Transfer Learning

Overview

Transfer Learning is a machine learning technique where a model developed for one task is reused as the starting point for a model on a second task. It's particularly popular in deep learning where pre-trained models are used as feature extractors or fine-tuned for new tasks, saving significant computational resources and reducing the need for large datasets.

This approach is especially powerful when the target task has limited training data but shares some commonality with the source task where the model was originally trained.

Core Concepts

Types of Transfer Learning
▶
- Feature Extraction: Using a pre-trained model as a fixed feature extractor by removing the last few layers and adding new ones for the target task.
- Fine-tuning: Continuing training of a pre-trained model on a new task, often with a smaller learning rate to preserve useful features.
- Domain Adaptation: Adapting a model trained on one domain to work well on a different but related domain.
Common Strategies
▶
1. Feature Extraction:
- Remove the last layer(s) of a pre-trained network
- Use the remaining network as a fixed feature extractor
- Train only a new classifier on these features
- Best when target task is similar to original task and dataset is small
2. Fine-tuning:
- Start with a pre-trained model
- Replace and retrain the classifier on new task
- Optionally fine-tune some or all of the pre-trained layers
- Use smaller learning rate to preserve learned features
3. Progressive Fine-tuning:
- Gradually unfreeze and fine-tune layers from top to bottom
- Use discriminative learning rates (higher for new layers, lower for pre-trained)
- Helps prevent catastrophic forgetting
Tips for Transfer Learning
▶
- Model Selection:
  - Choose pre-trained models from similar domains
  - Larger models can learn more generalizable features
  - Consider computational requirements for your deployment scenario
- Fine-tuning Strategy:
  - For small datasets: freeze most layers
  - For larger datasets: fine-tune more layers
  - Use smaller learning rates for pre-trained layers
- Data Considerations:
  - Match preprocessing to original model's training data
  - Augment target dataset appropriately
  - Address domain shift if source and target domains differ
Common Challenges
▶
- Negative Transfer:
  - Source task knowledge impairs target task performance
  - Often occurs when domains or tasks are too dissimilar
  - Monitor validation performance closely
- Catastrophic Forgetting:
  - Fine-tuning erases useful pre-trained representations
  - Can occur with high learning rates
  - Gradual fine-tuning strategies help mitigate

Implementation

Transfer Learning with PyTorch

▶

Example implementation of transfer learning using a pre-trained ResNet model for a new classification task.


import torch
import torch.nn as nn
import torchvision.models as models
from torch.optim import Adam
from torch.optim.lr_scheduler import ReduceLROnPlateau

class TransferLearningModel:
    def __init__(self, num_classes, model_name='resnet50', feature_extract=True):
        if model_name == 'resnet50':
            self.model = models.resnet50(pretrained=True)
        elif model_name == 'resnet18':
            self.model = models.resnet18(pretrained=True)
        else:
            raise ValueError(f"Unsupported model: {model_name}")
        
        if feature_extract:
            for param in self.model.parameters():
                param.requires_grad = False
        
        num_features = self.model.fc.in_features
        self.model.fc = nn.Sequential(
            nn.Linear(num_features, 512),
            nn.ReLU(),
            nn.Dropout(0.3),
            nn.Linear(512, num_classes)
        )
    
    def get_trainable_params(self):
        return [p for p in self.model.parameters() if p.requires_grad]

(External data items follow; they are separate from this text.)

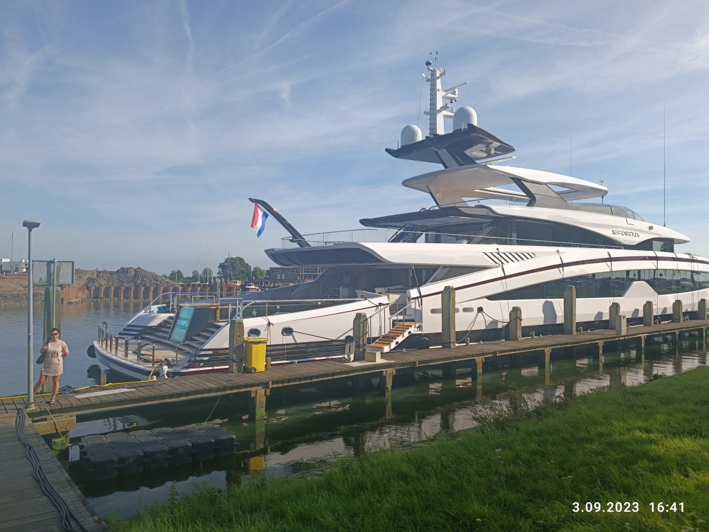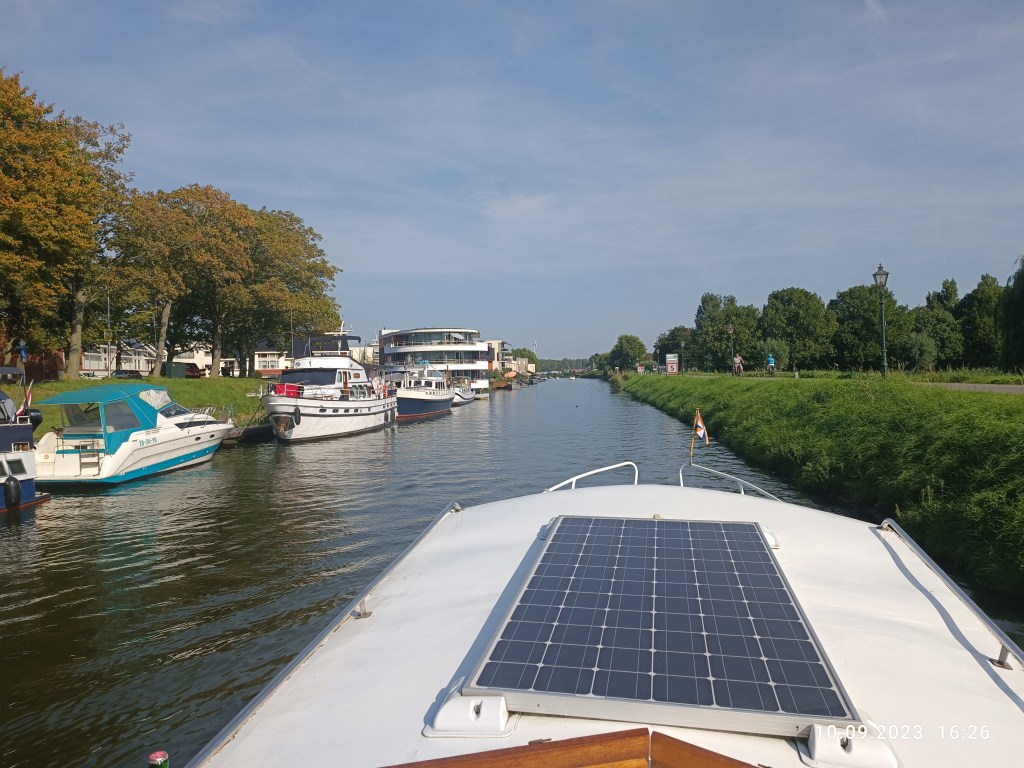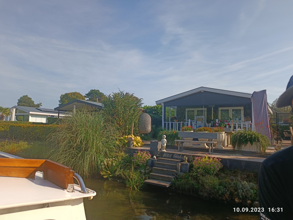 Dzień przed urlopem, znajomy Holender zaprosił nas na swoją łódź. Płynęliśmy kanałami na szersze wody i wtedy pierwszy raz siedziałam za sterem. Fajna sprawa. Prowadzi się łatwo, ale obowiązują jednak na wodzie zasady, z których nie do końca zdawałam sobie sprawę. Trzeba np pilnować prędkości. Są widoczne duże znaki, które informują ile km/h można płynąć. Usłyszeliśmy historyjkę o facecie (płynął akurat swoją łodzią obok nas), który jest bogaty- ma kilka mieszkań a latem w żadnym nie przebywa, bo mieszka na tej swojej łódce.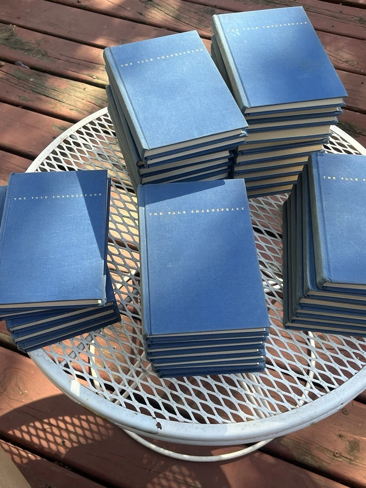 Yale Shakespeare Set Of 38 Books Many First And Second Editions Rare Gift Actor The books on the top of the pile are all the 1st editions This 38 volume set of The Yale Shakespeare is a must-have for any poetry and play enthusiast. The hardcover books are beautifully bound and come from the USA, making them a great addition to any collection. The set includes all of William Shakespeare's works, including the famous plays and poems. The publisher, Yale University Press, is known for its high-quality publications, making this set a great investment for anyone looking to add to their collection. The set is original and not a facsimile, making it a rare find for collectors. The subject of the set is children's literature, making it a great choice for anyone interested in this field. Finally, the set is categorized under Books & Magazines and Antiquarian & Collectible, making it a great choice for anyone interested in these areas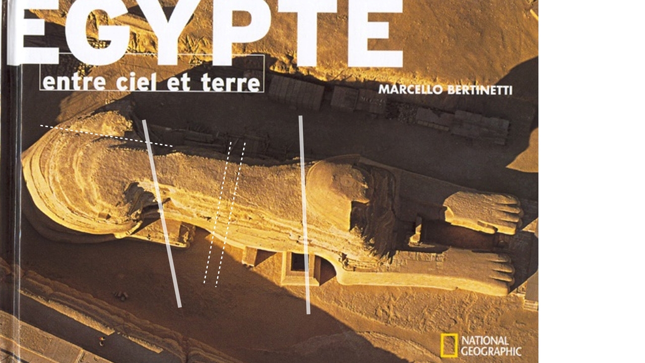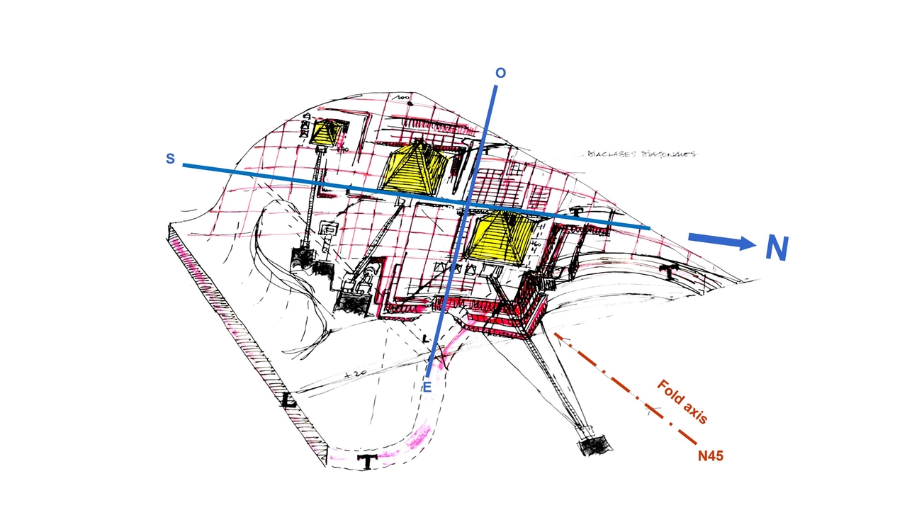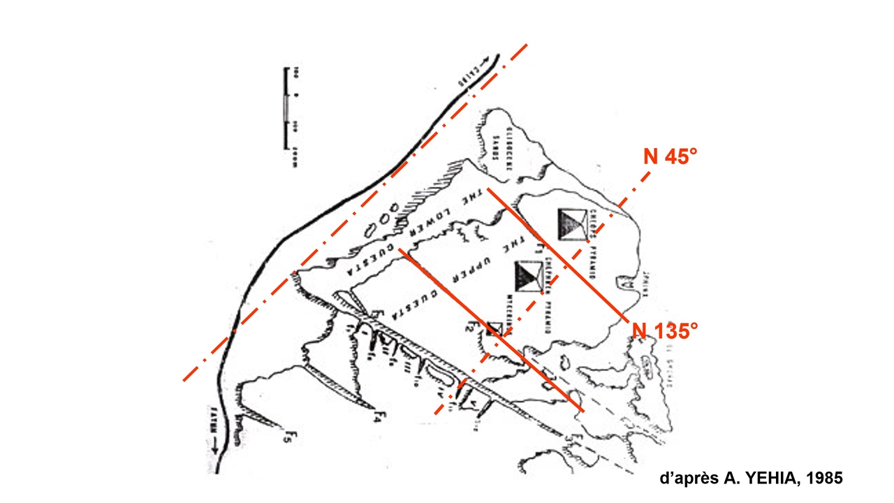 - l’implantation des 3 pyramides du Plateau de Gizeh alignées (par leurs angles SE) parallèlement à l’axe du pli (en Nord 45°) selon les diaclases longitudinales - Δ-L

class TransferLearningTrainer:
    def __init__(self, model, device, learning_rate=0.001):
        self.model = model.to(device)
        self.device = device
        self.criterion = nn.CrossEntropyLoss()
        self.optimizer = Adam(self.model.get_trainable_params(), lr=learning_rate)
        self.scheduler = ReduceLROnPlateau(self.optimizer, mode='min', patience=3)
    
    def train_epoch(self, train_loader):
        self.model.train()
        total_loss = 0
        correct_preds = 0
        total_samples = 0
        
        for inputs, labels in train_loader:
            inputs, labels = inputs.to(self.device), labels.to(self.device)
            
            self.optimizer.zero_grad()
            outputs = self.model(inputs)
            loss = self.criterion(outputs, labels)
            loss.backward()
            self.optimizer.step()
            
            total_loss += loss.item()
            _, predicted = outputs.max(1)
            total_samples += labels.size(0)
            correct_preds += predicted.eq(labels).sum().item()
        
        return total_loss / len(train_loader), 100. * correct_preds / total_samples
    
    def validate(self, val_loader):
        self.model.eval()
        total_loss = 0
        correct_preds = 0
        total_samples = 0
        
        with torch.no_grad():
            for inputs, labels in val_loader:
                inputs, labels = inputs.to(self.device), labels.to(self.device)
                outputs = self.model(inputs)
                loss = self.criterion(outputs, labels)
                
                total_loss += loss.item()
                _, predicted = outputs.max(1)
                total_samples += labels.size(0)
                correct_preds += predicted.eq(labels).sum().item()
        
        avg_loss = total_loss / len(val_loader)
        accuracy = 100. * correct_preds / total_samples
        self.scheduler.step(avg_loss)
        return avg_loss, accuracy

def progressive_unfreezing(model, num_epochs_per_unfreeze=5):
    layers_to_unfreeze = []
    for name, param in model.named_parameters():
        if 'fc' not in name:
            param.requires_grad = False
            layers_to_unfreeze.append(name)
    
    layer_groups = {}
    for name in layers_to_unfreeze:
        block_candidate = name.split('.')[0]
        if any(x.isdigit() for x in block_candidate):
            if block_candidate not in layer_groups:
                layer_groups[block_candidate] = []
            layer_groups[block_candidate].append(name)
        else:
            if 'general_pretrained' not in layer_groups:
                 layer_groups['general_pretrained'] = []
            layer_groups['general_pretrained'].append(name)
            
    unfreeze_schedule = []
    block_order = sorted(list(layer_groups.keys()), key=lambda x: (x != 'general_pretrained', x))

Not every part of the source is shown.